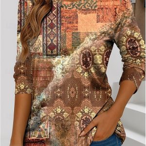 Women’s T Shirt Ombre Graphic Vintage Fashion Stylish Long Sleeve Crew Neck Regular Tops Daily Going out Weekend Pocket Print Blue Pink Green Spring Fall Winter #10271023
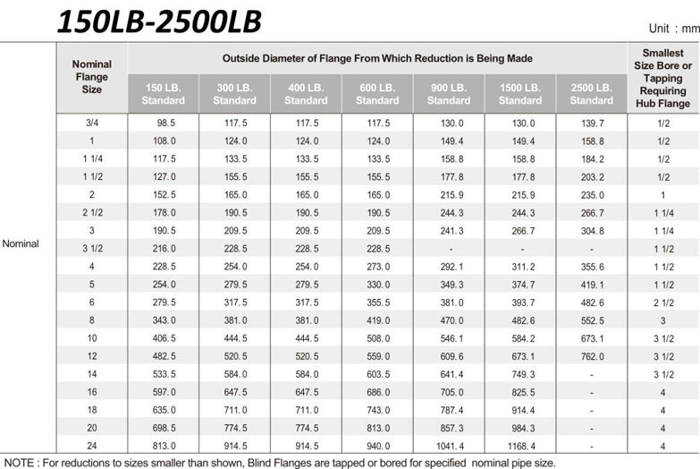 ASME B16.47series A & B | ASTM A182 (forjados) ASTM A240 (placa) | 150#. 300#. 400#. 600#. 900#. 1500#. 2500#. |
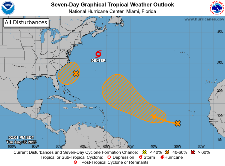 The Atlantic tropics have perked up in recent days with Tropical Storm Dexter forming east of the Outer Banks and moving out to sea. More favorable conditions are spreading across the basin as the Madden-Julian Oscillation (MJO) continues its eastward drift. So, this afternoon’s Tropical Weather Outlook graphic from the National Hurricane Center (NHC) has a busy look.

[Activity]
Apart from its pictures, the material above should be repeated exactly.

[Completed exercise]
 Women’s T Shirt Ombre Graphic Vintage Fashion Stylish Long Sleeve Crew Neck Regular Tops Daily Going out Weekend Pocket Print Blue Pink Green Spring Fall Winter #10271023
 ASME B16.47series A & B | ASTM A182 (forjados) ASTM A240 (placa) | 150#. 300#. 400#. 600#. 900#. 1500#. 2500#. |
 The Atlantic tropics have perked up in recent days with Tropical Storm Dexter forming east of the Outer Banks and moving out to sea. More favorable conditions are spreading across the basin as the Madden-Julian Oscillation (MJO) continues its eastward drift. So, this afternoon’s Tropical Weather Outlook graphic from the National Hurricane Center (NHC) has a busy look.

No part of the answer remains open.